Many marriages have a spouse who is the wage earner while the other was the homemaker. Any adult knows that homemaking, done properly, is not an easy job and the Court will consider the contributions as a homemaker.

Even the relative needs of the spouses come under consideration by the Court. Pay attention, now…the needs, not the desires. this could be the subject of proof by much testimony and not just the testimony of the spouses may be used to bolster one’s position in this regard.

Even though Pennsylvania has had no-fault divorce on the books since 1980, a party guilty of truly egregious marital misconduct might find him or herself less deserving of alimony or being required to pay more than what might otherwise have been determined. Abusive behavior and even adulterous conduct, if proven and significant, frequently play roles in alimony contests. Be guided accordingly.

The tax consequences of alimony could also be a consideration; however, alimony has ceased to be an event in income taxation since early in 2018 in Pennsylvania. But bear in mind that income tax could be only one aspect of overall tax liabilities.

If going forward, the Court determines that one spouse has insufficient property or assets to provide for his/her reasonable needs, alimony could be in order.

Finally, the Court could determine that one spouse simply is incapable of supporting him or herself after the marriage. This lack of capability need be the fault of neither spouse, but it must be determined to be real, not imagined.

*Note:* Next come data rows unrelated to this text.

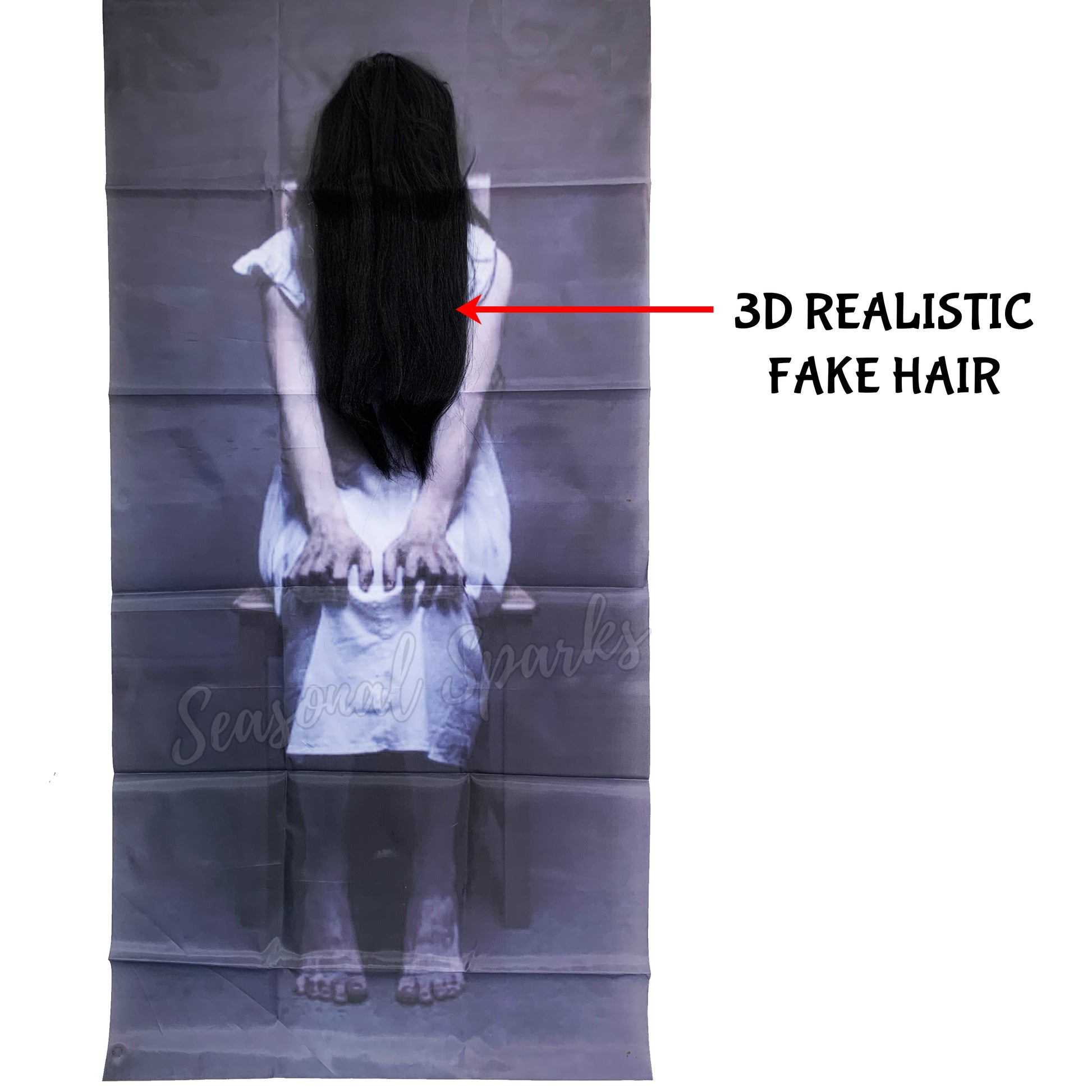 Our Sitting Ghost Girl Decoration is designed with hauntingly realistic imagery. Her long, flowing hair and ethereal presence will make your guests question reality as they cross your threshold.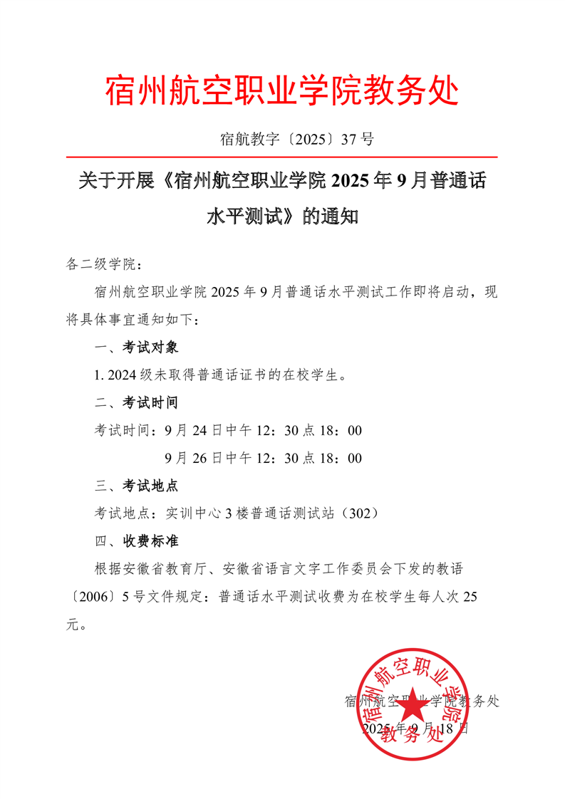 关于开展《彩神Vll学院2025年9月普通话水平测试》的通知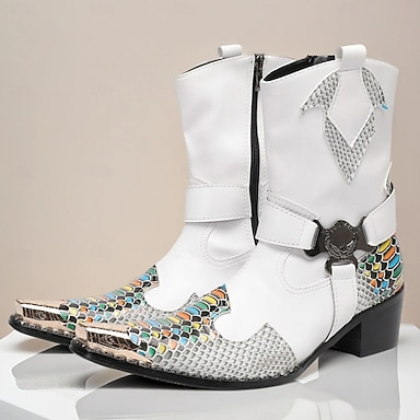 Homme Bottes Bottes de motard Rétro Marche Cuir Daim Cuir de vache pleine fleur italien Confortable Antidérapant Chaud Bottes Mi-Mollet Mocassin Boucle Blanche Automne Hiver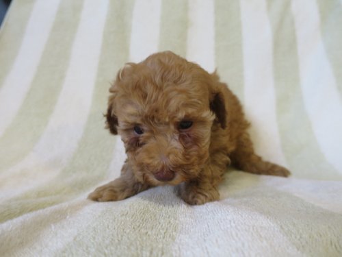 | コメント | 両親アプリコット お父さんはティーカップ可愛い子 お母さんは元気で活発な子です 1/24の体重は665g ちょっと大人しい子ですが元気に育っています かみ合わせは正常ヘルニアもありません 獣医の診断ワクチンを接種し お渡しします |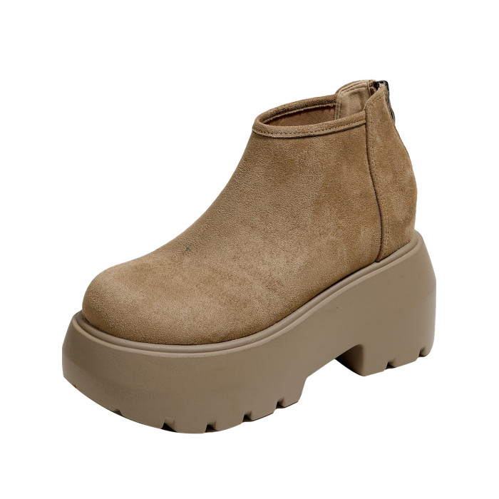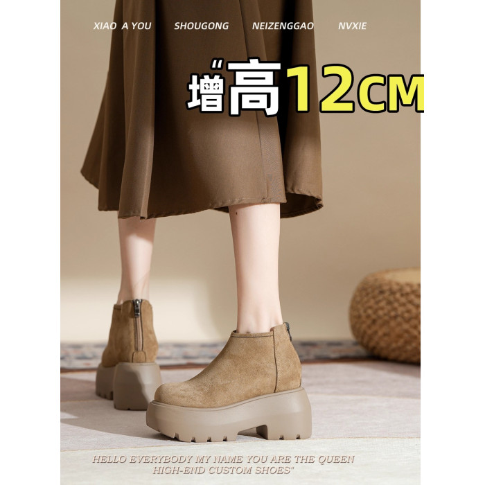 時尚12CM內增高粗跟馬丁靴女瘦瘦靴2026新款爆款復古休閒軟皮短靴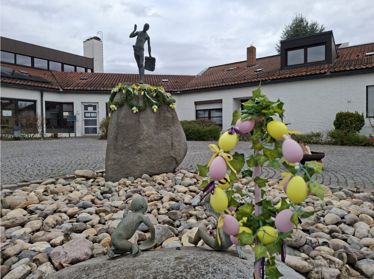 Die Feierlichkeiten der Heiligen Woche begannen auch in Corpus Christi mit dem Palmsonntagsgottesdienst. Der Osterbrunnen war bereits geschmückt.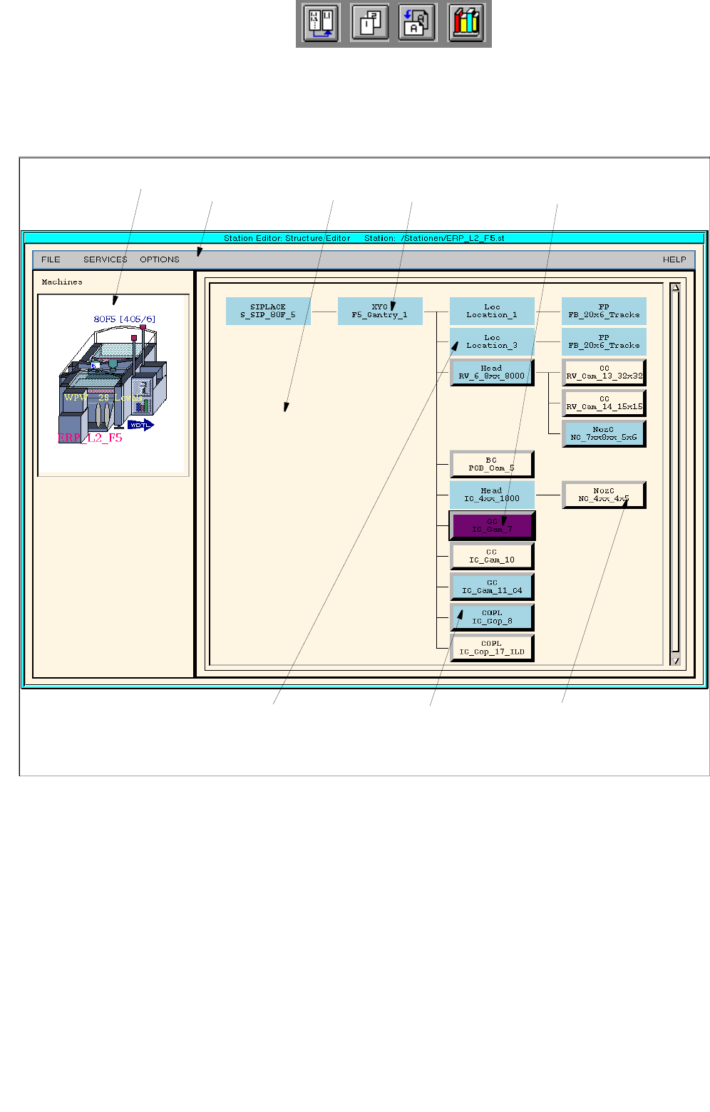 Fig. 12.1.1 Structure Editor (Machine Type "SIPLACE F5)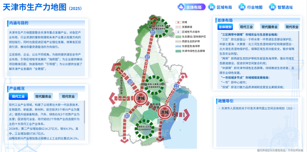 “十四五”规划收官之年,天津首次发布《天津市生产力地图(2025)》,为城市高质量发展写下生动注脚。点开这张 “生产力地图”的 “智慧选址”界面,输入 “滨海新区”“环城四区”“现代工业”等关键词,屏幕上瞬间弹出30余个匹配地块,土地性质、配套设施、政务服务、政策支持等信息一目了然,这成为“十四五”期间天津以数字化赋能产业发展的典型缩影。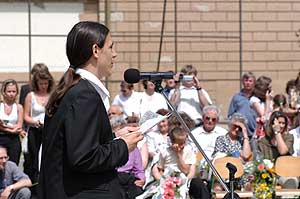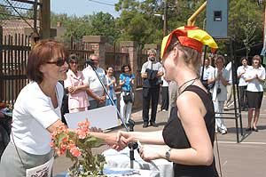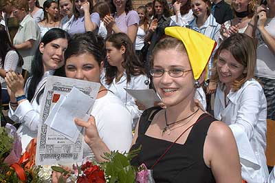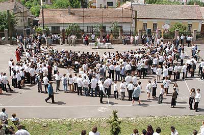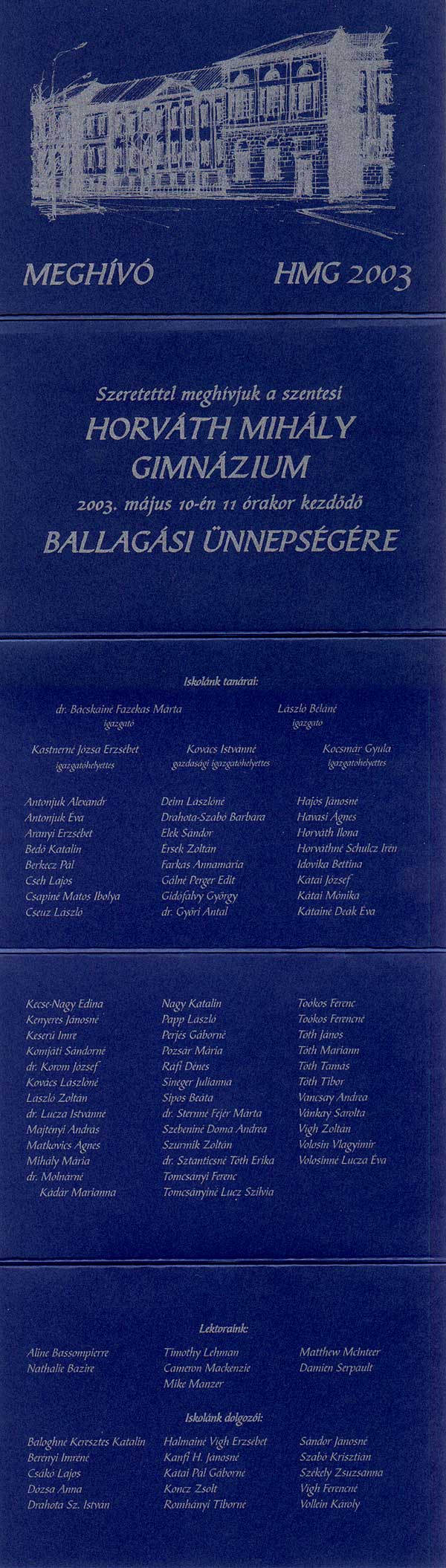 Horváth Mihály Gimnáziumban 2003. május 10-én 11 órakor kezdődött a végzős diákok ballagási ünnepsége. Sajnos a diákok már jóval ez idő előtt elkezdték a folyosókon való végigvonulást és mire odaértünk a jelzett időpontra már mindenki az udvaron volt.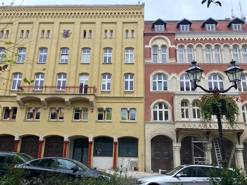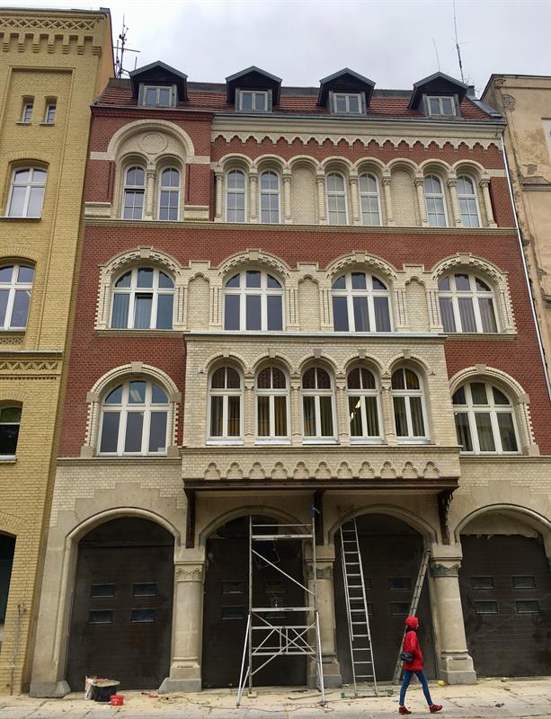 Zostały rozpoczęte jeszcze w sierpniu, a z finałem zaplanowanym na 15 listopada. W tym czasie przeprowadzono przede wszystkim konserwację cegły i detalu ceramicznego, konserwację kamienia oraz elementów metalowych i drewnianych. Wymyto je, podobnie jak gipsowe płyciny, tynki i kartusz. Wymieniono spoiny i jak wszystkie inne zniszczone detale - choćby ceramiczne kapitele - uzupełniono. Ceglaną okładzinę ścian zabezpieczono chemią przeciwko przenikaniu wilgoci (hydrofibizacja) oraz osadzaniu się glonów. Następnie wszystko co na fasadach się znajduje na nowo odmalowano. W tym charakterystycznego gryfa, górującego nad najstarszą częścią budynków.

If you have been able to soldier through all of these requirements, you can now see that how long you were married is indeed a small piece of the alimony determination puzzle. If you are contemplating ending your marriage and doing so sensibly, without anger or malice and, hopefully, inexpensively, reading through the Pennsylvania alimony factors should be of considerable assistance in determining whether or not alimony should be part of your divorce and how much and for how long. A truly major factor in settling everything in a divorce, alimony included, is when one party wants the divorce much more badly than the other. If one really wants to be divorced much more than the other party, the desire puts one at a distinct disadvantage. Like anything else in life, whenever one wants something, one typically must give up something to get it.

In my practice of low-cost, simple, uncontested, no-fault divorce, alimony, which must be by agreement, is very rare and when it does play a part, it is because the high earner really wants out and is willing to pay the piper to make that happen. If you are to receive alimony as one of my clients, you absolutely must have it put in a legally-binding agreement and made it a part of your final decree. I provide that service, of course. Without that, you would be trusting your then ex-spouse to make the alimony payments out of the goodness of his/her heart because, if the payments would stop, you could do nothing through the Court to compel them to be resumed. Clients have frequently told me that they get along well with their soon-to-be exes and trust them to pay. I tell them that back in law school, we were given a 2000 page textbook in fine print with no pictures, and on every page, we learned of something gone wrong. Few people seem to consider what could happen to legally unenforceable alimony payments should the ex take up with a significant other who will make the ex’s life a living hell should those payments continue. Between you and that new significant other, who is likely to come second best?